BRIEF DESCRIPTION OF THE DRAWINGS

Exemplary embodiments according to the technique of the present disclosure will be described in detail based on the following figures, wherein:

FIG. 1 is a conceptual diagram showing an example of an aspect in which a duodenoscope system is used;

FIG. 2 is a conceptual diagram showing an example of an overall configuration of the duodenoscope system;

FIG. 3 is a block diagram showing an example of a hardware configuration of an electrical system of the duodenoscope system;

FIG. 4 is a conceptual diagram showing an example of an aspect in which a duodenoscope is used;

FIG. 5 is a block diagram showing an example of a hardware configuration of an electrical system of an image processing device;

FIG. 6 is a conceptual diagram showing an example of a correlation between an endoscope scope, an NVM, an image acquisition unit, an image recognition unit, and a support information acquisition unit;

FIG. 7 is a conceptual diagram showing an example of a correlation between a display device, the image acquisition unit, the image recognition unit, the support information acquisition unit, and a display control unit;

FIG. 8 is a flowchart showing an example of a flow of medical support processing;

FIG. 9 is a conceptual diagram showing an example of the correlation between the endoscope scope, the NVM, the image acquisition unit, the image recognition unit, and the support information acquisition unit;

FIG. 10 is a conceptual diagram showing an example of the correlation between the display device, the image acquisition unit, the image recognition unit, the support information acquisition unit, and the display control unit;

FIG. 11 is a conceptual diagram showing an example of the correlation between the endoscope scope, the NVM, the image acquisition unit, the image recognition unit, and the support information acquisition unit;

FIG. 12 is a conceptual diagram showing an example of the correlation between the display device, the image acquisition unit, the image recognition unit, the support information acquisition unit, and the display control unit;

FIG. 13 is a conceptual diagram showing an example of the correlation between the display device, the image acquisition unit, the image recognition unit, the support information acquisition unit, and the display control unit;

FIG. 14 is a conceptual diagram showing an example of the correlation between the endoscope scope, the NVM, the image acquisition unit, the image recognition unit, and the support information acquisition unit; and

FIG. 15 is a conceptual diagram showing an example of an aspect in which an intestinal wall image, support information, and papilla type information generated by the duodenoscope system are stored in an electronic medical record server.

DETAILED DESCRIPTION

Hereinafter, examples of embodiments of a medical support device, an endoscope, a medical support method, and a program according to the technology of the present disclosure will be described with reference to the accompanying drawings.

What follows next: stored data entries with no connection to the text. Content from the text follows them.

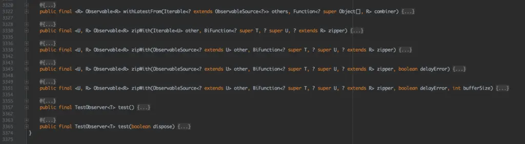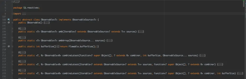 这是 Observable 的代码,如图所示代码总行数为 3000 多行。 正如我们所知,Observable 通常使用其不同的方法将数据转换为流,下面我给出一个简单的例子。
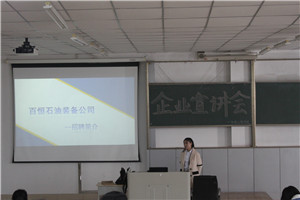 为引导同学们了解用人单位所需人才类型,强化提升学生面试能力。开云kaiyun官方网站于3月21日13:30分,在主楼2-1教室组织举行学生就业招聘会宣讲。由百恒石油责任有限公司的代表杨建国和杜慧敏为开云kaiyun官方网站的同学进行宣讲。
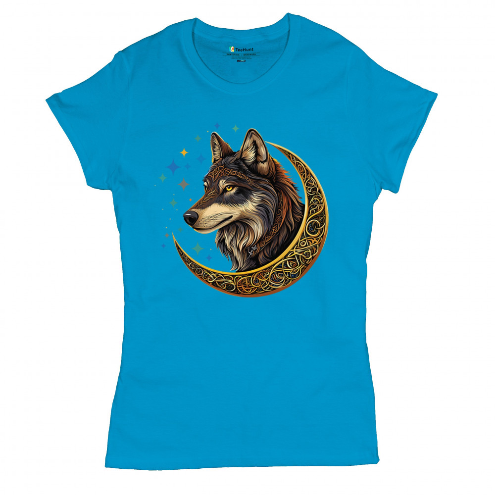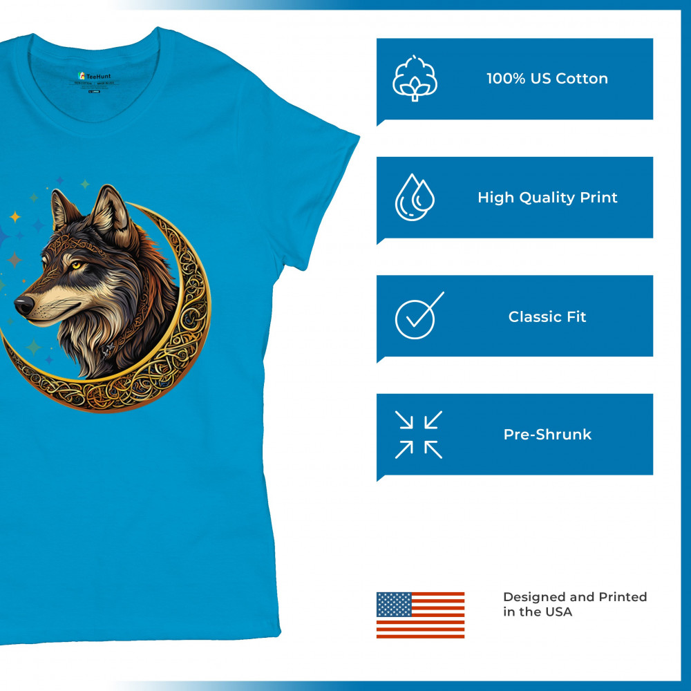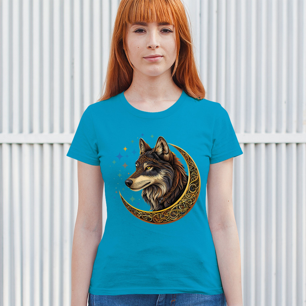 Celtic wolf design in a glowing crescent moon. Symbolizes loyalty, mysticism, and wild energy. Great for fantasy fans and spirit animal seekers.
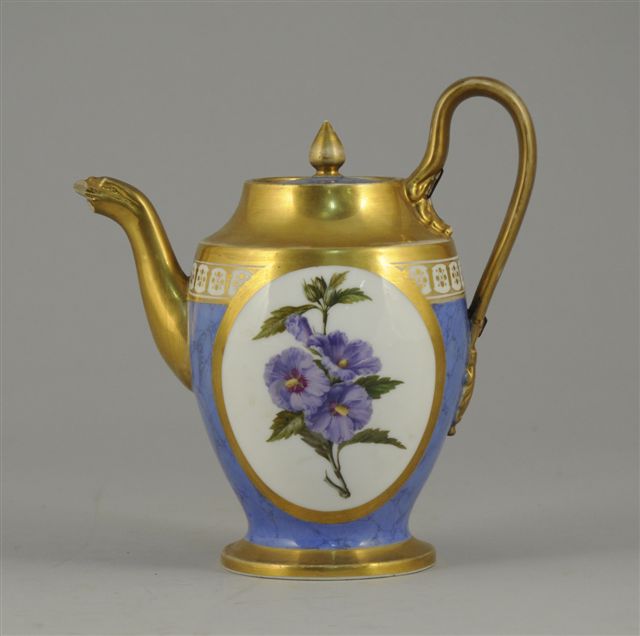 PARIS. DAGOTY. VERSEUSE en porcelaine dorée de forme ovoïde. Le corps peint en camaïeu bleu pailleté d'or, à l'imitation du marbre , à fin décor, dans une réserve ovale, d'une branche fleurie d'hibiscus bleu. Frise de motifs stylisés peint à l'or. Bec verseur zoomorphe. Attaches de l'anse en palmettes. Prise du couvercle en bouton pointu. Marque en rouge P. L. DAGOTY & E Honoré à Paris.
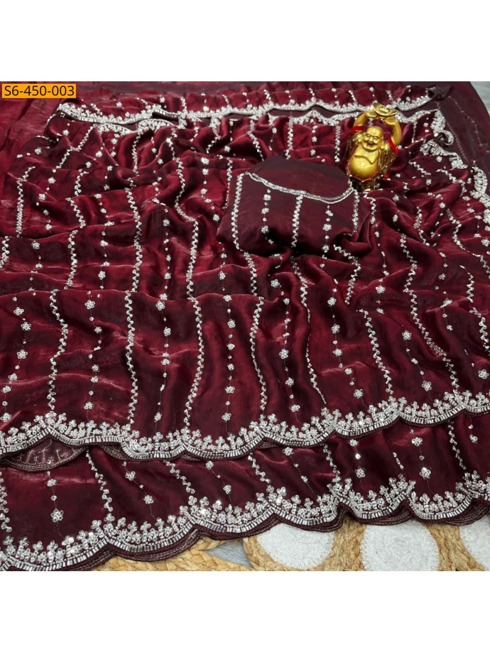 Maroon Space silk embroidery sarees
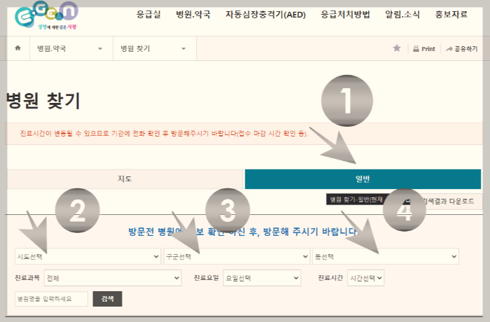 - 병원 찾기 > 일반을 클릭합니다.
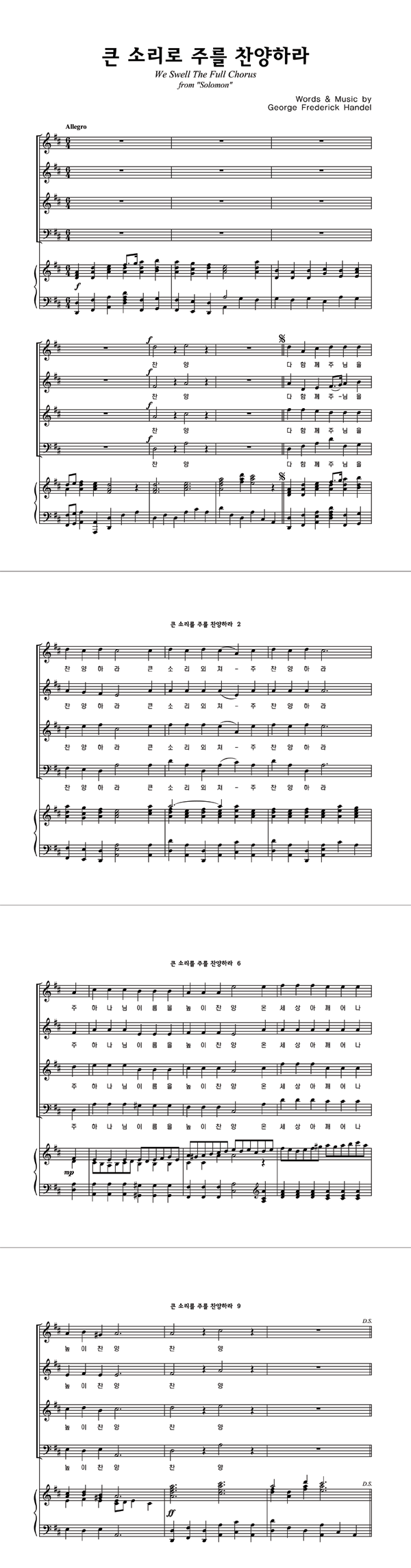 '큰 소리로 주를 찬양하라' 의 다른 악보형식
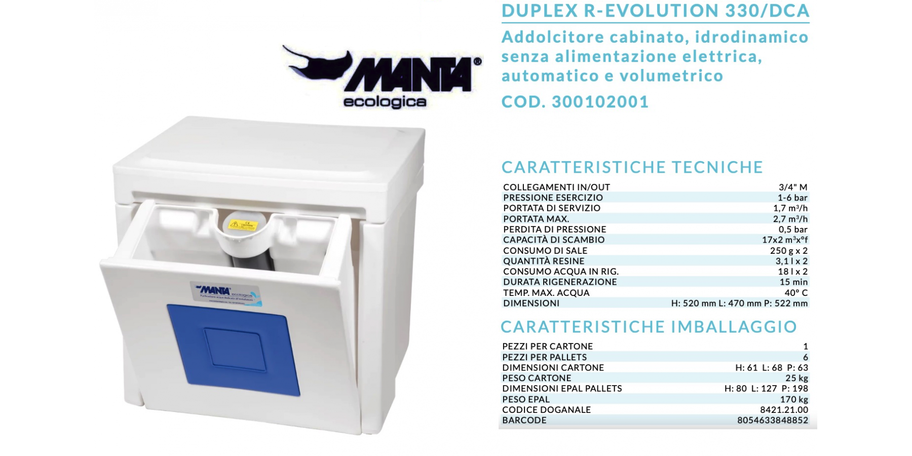 Addolcitore cabinato strutturato su due moduli di resine che lavorano in parallelo a differenza del modello DCA dove i due moduli hanno un funzionamento alternato. Questo consente una elevata portata in servizio, fino a 3000 l/h, ottimale per 3-7 appartamenti, bar, ristoranti, alberghi, applicazioni industriali. Completo di prefiltro Ydronet 5 con riduttore di pressione, valvola di non ritorno, cartuccia in rete lavabile 50 micron elicoidale autopulente.
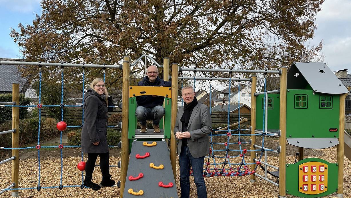 Sachbearbeiterin Daniela Gellert, Amtsleiter Uwe Schröder und Bürgermeister Andreas Hüffmann freuen sich über die Neugestaltung des Spielplatzes. | © Gemeinde Hiddenhausen
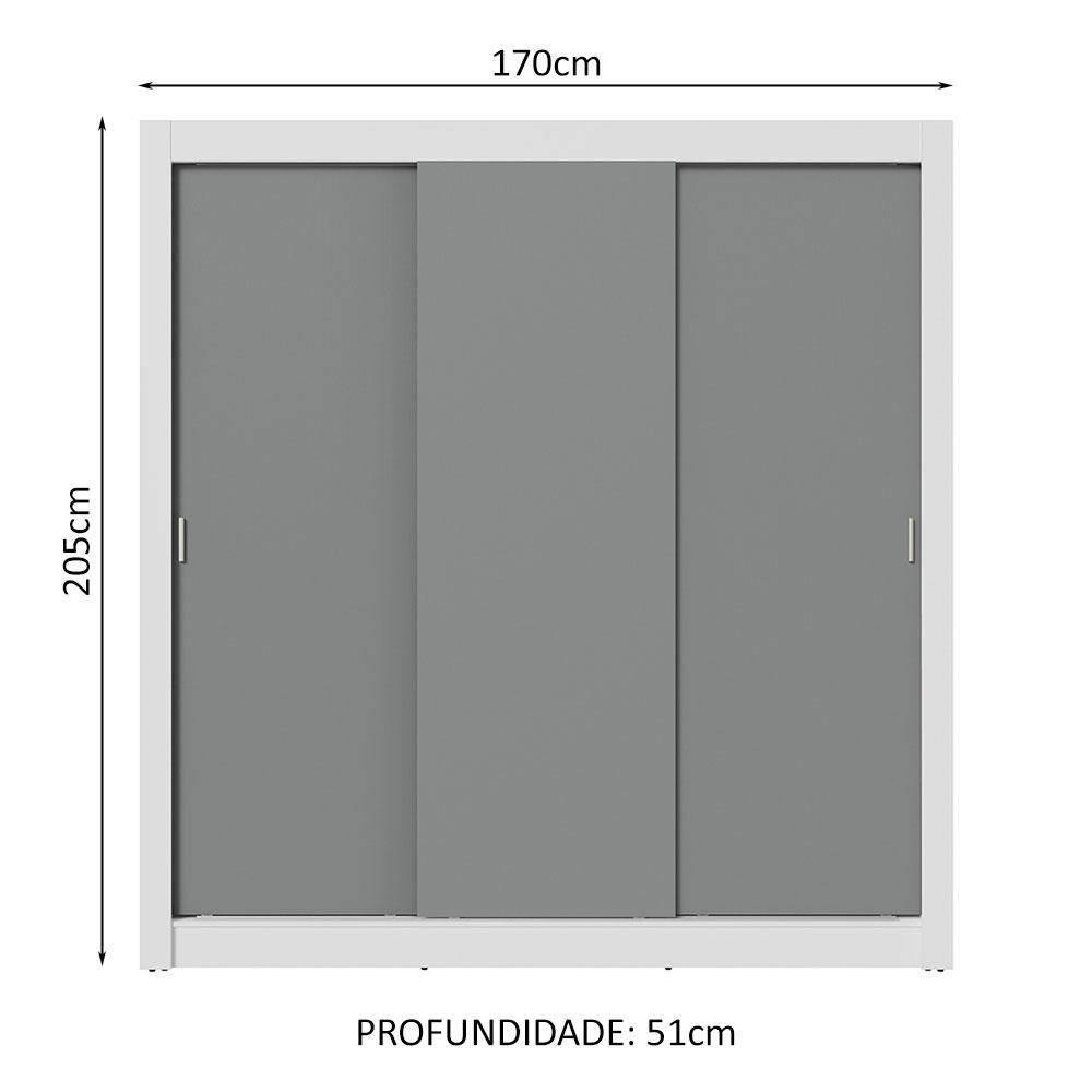 Guarda-Roupa Casal 3 Portas de Correr Branco/Cinza Sublime Plus Madesa

First, terms used in the following description will be described.

CPU is an abbreviation for “central processing unit”. GPU is an abbreviation for “graphics processing unit”. RAM is an abbreviation for “random-access memory”. NVM is an abbreviation for “non-volatile memory”. EEPROM is an abbreviation for “electrically erasable programmable read-only memory”. ASIC is an abbreviation for “application-specific integrated circuit”. PLD is an abbreviation for “programmable logic device”. FPGA is an abbreviation for “field-programmable gate array”. SoC is an abbreviation for “system-on-a-chip”. SSD is an abbreviation for “solid-state drive”. USB is an abbreviation for “Universal Serial Bus”. HDD is an abbreviation for “hard disk drive”. EL is an abbreviation for “electro-luminescence”. CMOS is an abbreviation for “complementary metal-oxide-semiconductor”. CCD is an abbreviation for “charge-coupled device”. AI is an abbreviation for “artificial intelligence”. BLI is an abbreviation for “blue light imaging”. LCI is an abbreviation for “linked color imaging”. I/F is an abbreviation for “interface”. FIFO is an abbreviation for “first in, first out”. ERCP is an abbreviation for “endoscopic retrograde cholangio-pancreatography”.

First Embodiment

For example, as shown in FIG. 1, a duodenoscope system 10 comprises a duodenoscope 12 and a display device 13. The duodenoscope 12 is used by a doctor 14 in endoscopy. The duodenoscope 12 is communicably connected to a communication device (not shown), and information obtained by the duodenoscope 12 is transmitted to the communication device. The communication device receives the information transmitted from the duodenoscope 12 and performs processing using the received information (for example, the processing of recording the information on an electronic medical record or the like).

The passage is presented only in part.